Istanbul Revisited 2013

Jun 17th, 2013 | By Citizen X | Category: Countries of the World

Istanbul 2007.

As I start to write here in northern North America, the headlines from the old heartland of the Ottoman empire far away, between the Mediterranean and Black seas, are not encouraging.

(See : “Police lock down Taksim, PM shows off in Istanbul” ; “Turkish PM says it was his ‘duty’ to oust protestors occupying Istanbul park” ; “Turkish protesters kept away from Taksim Square by police” ; and “Turkish riot police crack down on protesters.”)

Istanbul 2013.

I take some solace from “Why Turkey protests are a good thing” by Fareed Zakaria — posted on the CNN website this past Friday. But I can’t pretend to have any idea about what will finally happen. And it seems that, whatever else, things are getting worse before they get better.

The news fills me with a quiet sadness. To start with, I spent two enchanted-tourist days in Turkey not quite half a dozen years ago, in Izmir and Istanbul. Now the current “Descent into confrontation” seems to be stealing some of my warmest recent memories of public spaces in the global village — and even a few upbeat thoughts about the future for our troubled species.

Sumandef Hakkinda, reporting from Istanmbul, 2013. Photo : Kokia Sparis.

And then if some ultimate (almost religious?) faith in democracy is especially important to you, the current descent in Istanbul and other parts of Turkey is bound to point towards some deeper summer of discontent.

The descent began in the “last week of May 2013” when “a group of people most of whom did not belong to any specific organization or ideology got together in Istanbul’s Gezi Park.” Their immediate object was to “prevent and protest the upcoming demolishing of the park for the sake of building yet another shopping mall at very center of the city.”

Istanbul 2007.

Sumandef Hakkinda, a young lady on the spot, has told her version of the story from here: The “police arrived with water cannon vehicles and pepper spray. They chased the crowds out of the park …  In the evening of May 31st the number of protesters multiplied. So did the number of police forces around the park. Meanwhile the local government of Istanbul shut down all the ways leading up to Taksim square where the Gezi Park is located. The metro was shut down, ferries were cancelled, roads were blocked … Yet more and more people made their way up to the center of the city by walking … They came from all around Istanbul. They came from all different backgrounds, different ideologies, different religions. They all gathered to prevent the demolition of something bigger than the park: The right to live as honorable citizens of this country … They gathered and continued sitting in the park. The riot police set fire to the demonstrators’ tents and attacked them with pressurized water, pepper and tear gas during a night raid. Two young people were run over by the vehicles and were killed. Another young woman … was hit in the head by one of the incoming tear gas canisters. The police were shooting them straight into the crowd.”
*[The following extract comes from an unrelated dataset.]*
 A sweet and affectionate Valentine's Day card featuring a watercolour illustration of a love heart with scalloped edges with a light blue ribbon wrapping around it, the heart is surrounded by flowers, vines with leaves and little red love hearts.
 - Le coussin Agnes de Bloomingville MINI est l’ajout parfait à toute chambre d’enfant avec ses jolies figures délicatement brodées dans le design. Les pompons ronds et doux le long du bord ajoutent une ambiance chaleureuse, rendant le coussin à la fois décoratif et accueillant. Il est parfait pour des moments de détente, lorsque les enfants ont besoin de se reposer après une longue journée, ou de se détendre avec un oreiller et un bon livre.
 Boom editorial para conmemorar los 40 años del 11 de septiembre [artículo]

The first North American article I read on the story was “How Democratic Is Turkey? …  Not as democratic as Washington thinks it is,” published on the Foreign Policy website on June 3, 2013. Since then the plot has thickened — several times and in various directions. The question now is how much thicker can it get? (And personally, I can’t help asking, how much sadder will I be when it is all over, for the time being at least?)
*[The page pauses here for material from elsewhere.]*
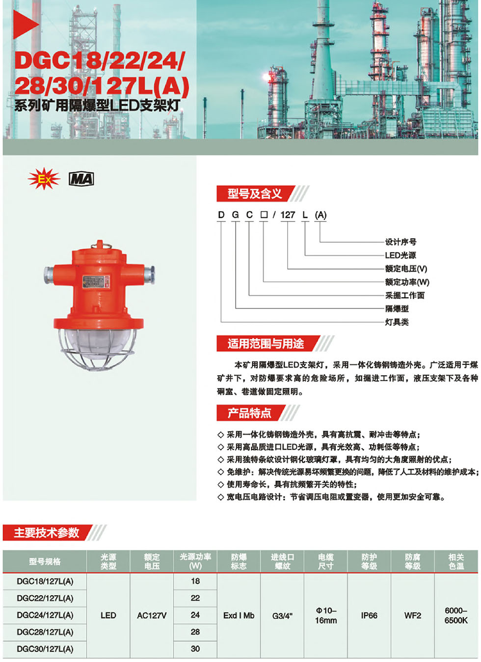 DGC18/22/24/30/127L礦用隔爆型LED支架燈
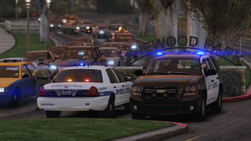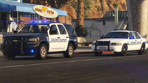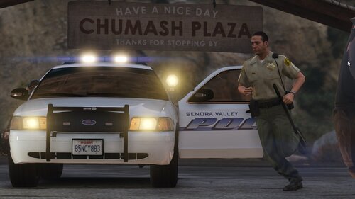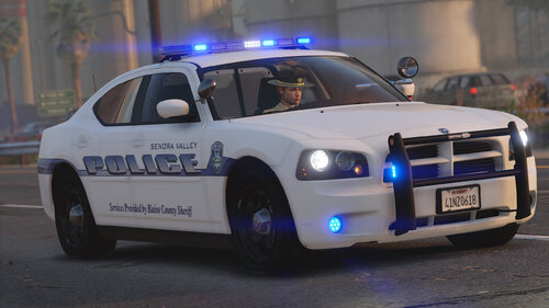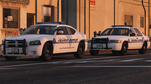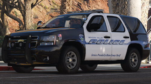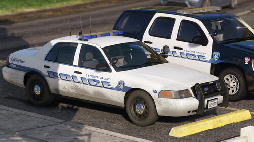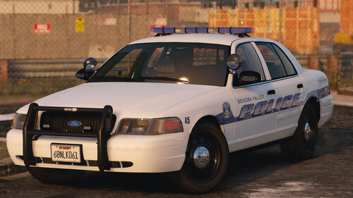 The Senora Valley Police Department is a law enforcement agency staffed and managed by the Blaine County Sheriff's Office, and is responsible for all law enforcement responsibilities in the greater Senora region. This includes, but is not limited to, Harmony, Grapeseed, Sandy Shores, Zancudo and Mount Vinewood region (near the Vineyards). While this department is fictional, the vehicles are designed to adhere to Massachusetts State Law, and the skins (designed by Getinmybelly) are based off of Dupont Police. This department is designed to appear like many less wealthy departments across the United States, wherein older vehicles are used for longer periods of time with recycled parts. As such, the lighting on these vehicles is dated with colored lenses and fewer surface-mounted lights across the vehicles.

Istanbul then and now … a miniature photo gallery

Istanbul 2007.

I did what tourists do in Istanbul, in late September 2007. I took photographs — in an especially intense and urgent state of mind, I think now, because there were so many interesting things to photograph. And the downtown street scene seemed very urbane, and open and inviting.

If you were religious when the call to prayer came, as it did a few times while I was walking around, you could go to prayers at a nearby mosque. If you were not religious, you could just keep sipping your coffee, or doing whatever else you were doing.
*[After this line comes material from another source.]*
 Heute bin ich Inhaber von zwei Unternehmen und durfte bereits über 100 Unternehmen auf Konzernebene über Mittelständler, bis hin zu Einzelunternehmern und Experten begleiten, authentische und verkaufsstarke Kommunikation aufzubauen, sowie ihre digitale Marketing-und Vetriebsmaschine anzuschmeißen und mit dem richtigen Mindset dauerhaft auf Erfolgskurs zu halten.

Women protesters, 2013. ADEM ALTAN / AFP/GETTY IMAGES.

People were friendly. Many among those I bumped into spoke English (at least a lot better than I spoke Turkish). If you used euros, you would get change in Turkish currency, but you could use euros. And it quickly seemed to me you could take any photograph you wanted.

Fareed Zakaria has written that in the late spring of 2013 the “people protesting in Taksim Square are urban, middle class, secular. Notice that none of the women protestors wear headscarves.” Some six years before, I noticed more than a few women in beautiful downtown Istanbul (aka Sultanamet) who were not wearing headscarves (or, some might say, much of anything else either).

Istanbul 2007.

Yet there were also many women who did wear headscarves — and clothing that covered their entire bodies, from head to foot. But this clothing was not black or dark blue, as can even be sometimes seen nowadays on the streets of such North American places as Mississauga, Ontario. It came in bright and even (almost) sexually provocative colours. And the women wearing it had a lot to say — at least to each other — on the streets of Istanbul.

Istanbul 2007.

I think what I liked most about the city was the mood I picked up as I walked around. Words finally fail at such assignments. But, stabbing in the air somewhat blindly, the mood of Istanbul in the early fall of 2007 seemed to me about some kind of increasingly successful blending of various opposite or at least different things. As simple as old and new, as complex as tradition and modernity, stability and innovation, religious security and secular liberation, east and west (of course : blending east and west is what Byzantium/Constantinople/Istanbul has always been about, for more than 2500 years; or at least that’s what I think when I try to think about it now).

Istanbul 2007.

From another angle, the mood of Istanbul in the early fall of 2007 that I felt (on a single sunny day of walking around, to clarify how foolish my feelings may have been) was upbeat. The city seemed to be a place that knew it had many layers of a fascinating past, but that was also starting to think it could see new layers of an interesting future too. The global village, it seemed to be saying, is changing in altogether new ways, and nothing will ever be quite the same again. Istanbul  — and even all of Turkey (based on another day in and around Izmir) is/was at a point where several key currents of the change intersected. It was beginning to understand how to navigate this intersection. And it probably had things to tell the rest of us about all this as well.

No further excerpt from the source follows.